Action item: Produce a faithful copy of the data, one that leaves out the pictures.
Segment Open
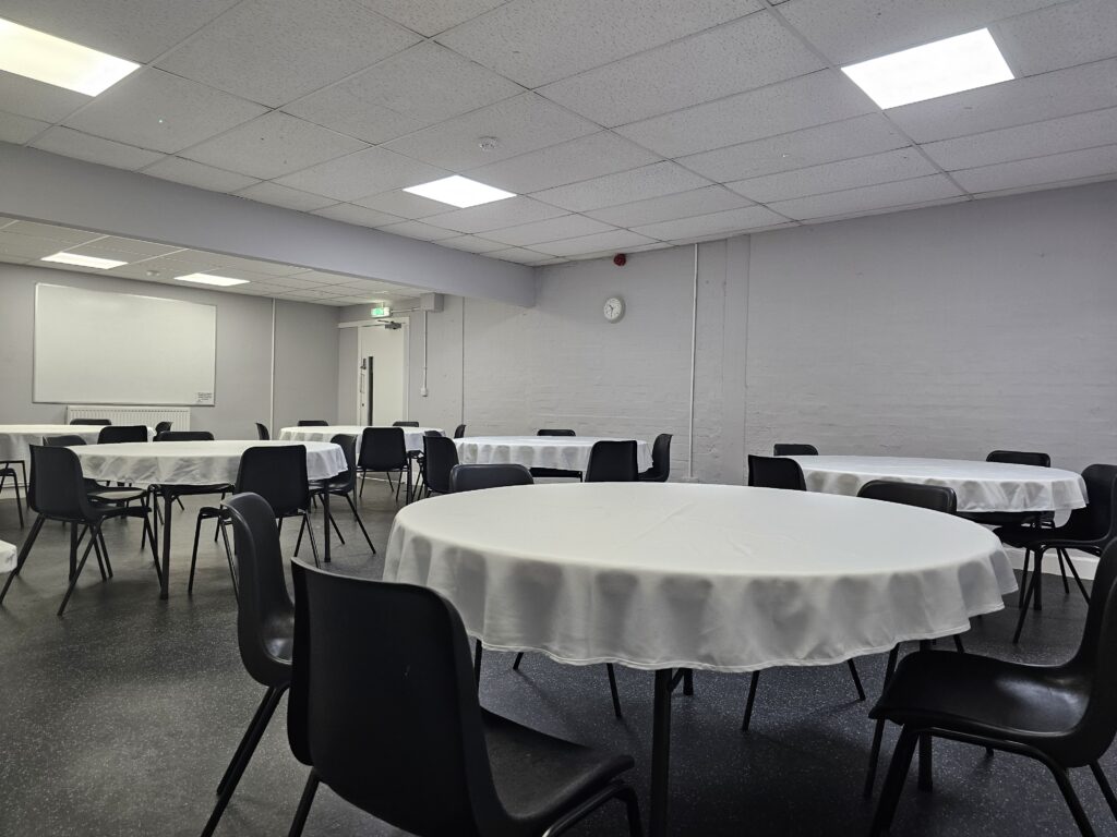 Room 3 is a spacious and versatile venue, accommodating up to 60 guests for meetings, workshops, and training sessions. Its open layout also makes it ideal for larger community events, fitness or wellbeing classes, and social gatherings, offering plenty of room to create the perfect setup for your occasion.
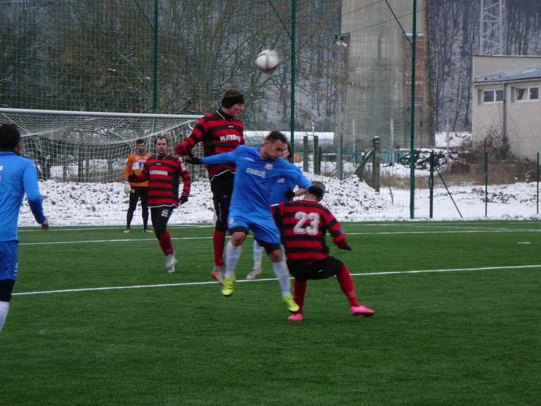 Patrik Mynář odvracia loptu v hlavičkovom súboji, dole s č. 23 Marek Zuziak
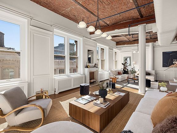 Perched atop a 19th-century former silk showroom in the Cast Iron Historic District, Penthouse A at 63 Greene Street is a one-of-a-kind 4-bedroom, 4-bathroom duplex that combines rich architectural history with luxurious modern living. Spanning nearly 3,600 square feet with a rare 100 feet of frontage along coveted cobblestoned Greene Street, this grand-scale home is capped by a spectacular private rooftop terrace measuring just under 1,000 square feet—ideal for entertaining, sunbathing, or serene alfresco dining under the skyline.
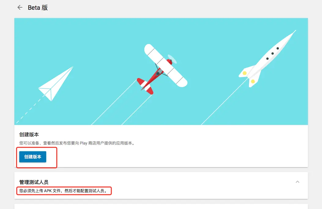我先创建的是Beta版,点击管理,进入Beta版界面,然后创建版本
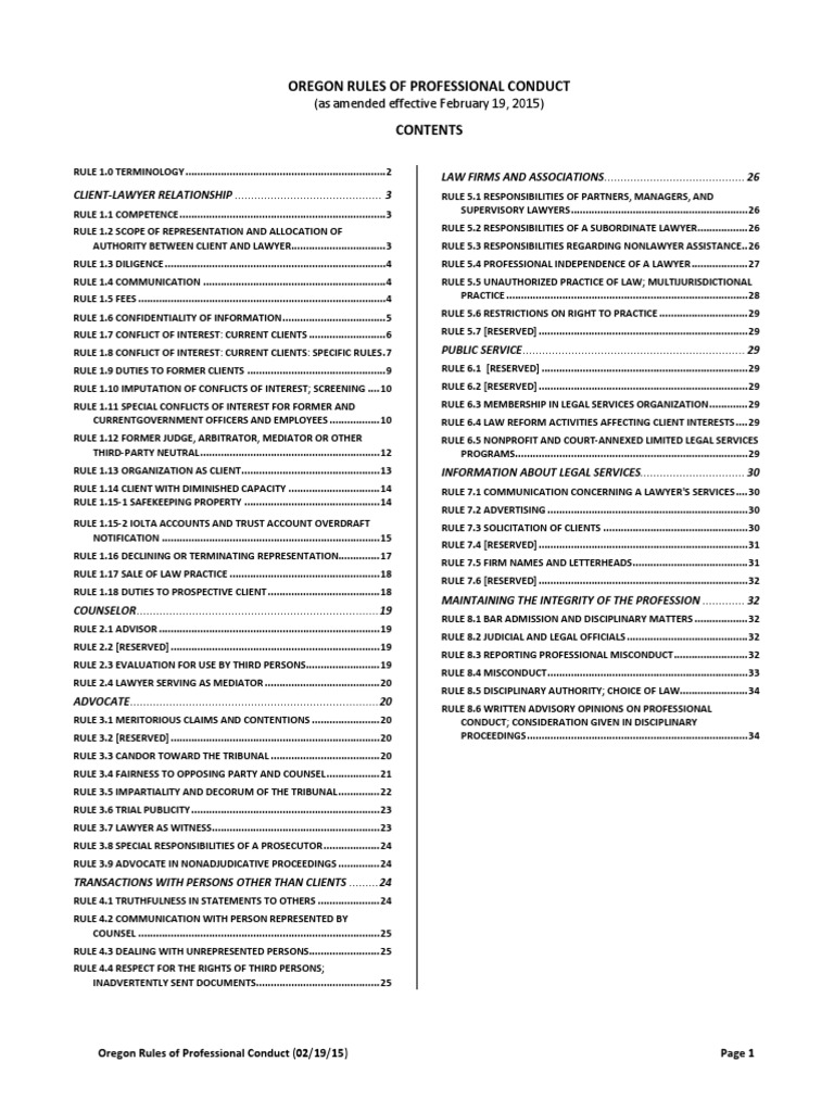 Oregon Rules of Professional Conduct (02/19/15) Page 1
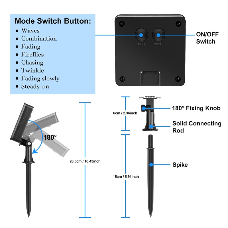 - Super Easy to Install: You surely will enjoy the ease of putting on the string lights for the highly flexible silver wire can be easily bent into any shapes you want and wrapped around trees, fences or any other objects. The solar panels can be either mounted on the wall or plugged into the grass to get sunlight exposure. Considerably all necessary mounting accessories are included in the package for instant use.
Segment Closed
Answer box:
 Room 3 is a spacious and versatile venue, accommodating up to 60 guests for meetings, workshops, and training sessions. Its open layout also makes it ideal for larger community events, fitness or wellbeing classes, and social gatherings, offering plenty of room to create the perfect setup for your occasion.
 Patrik Mynář odvracia loptu v hlavičkovom súboji, dole s č. 23 Marek Zuziak
 Perched atop a 19th-century former silk showroom in the Cast Iron Historic District, Penthouse A at 63 Greene Street is a one-of-a-kind 4-bedroom, 4-bathroom duplex that combines rich architectural history with luxurious modern living. Spanning nearly 3,600 square feet with a rare 100 feet of frontage along coveted cobblestoned Greene Street, this grand-scale home is capped by a spectacular private rooftop terrace measuring just under 1,000 square feet—ideal for entertaining, sunbathing, or serene alfresco dining under the skyline.
我先创建的是Beta版,点击管理,进入Beta版界面,然后创建版本
 Oregon Rules of Professional Conduct (02/19/15) Page 1
 - Super Easy to Install: You surely will enjoy the ease of putting on the string lights for the highly flexible silver wire can be easily bent into any shapes you want and wrapped around trees, fences or any other objects. The solar panels can be either mounted on the wall or plugged into the grass to get sunlight exposure. Considerably all necessary mounting accessories are included in the package for instant use.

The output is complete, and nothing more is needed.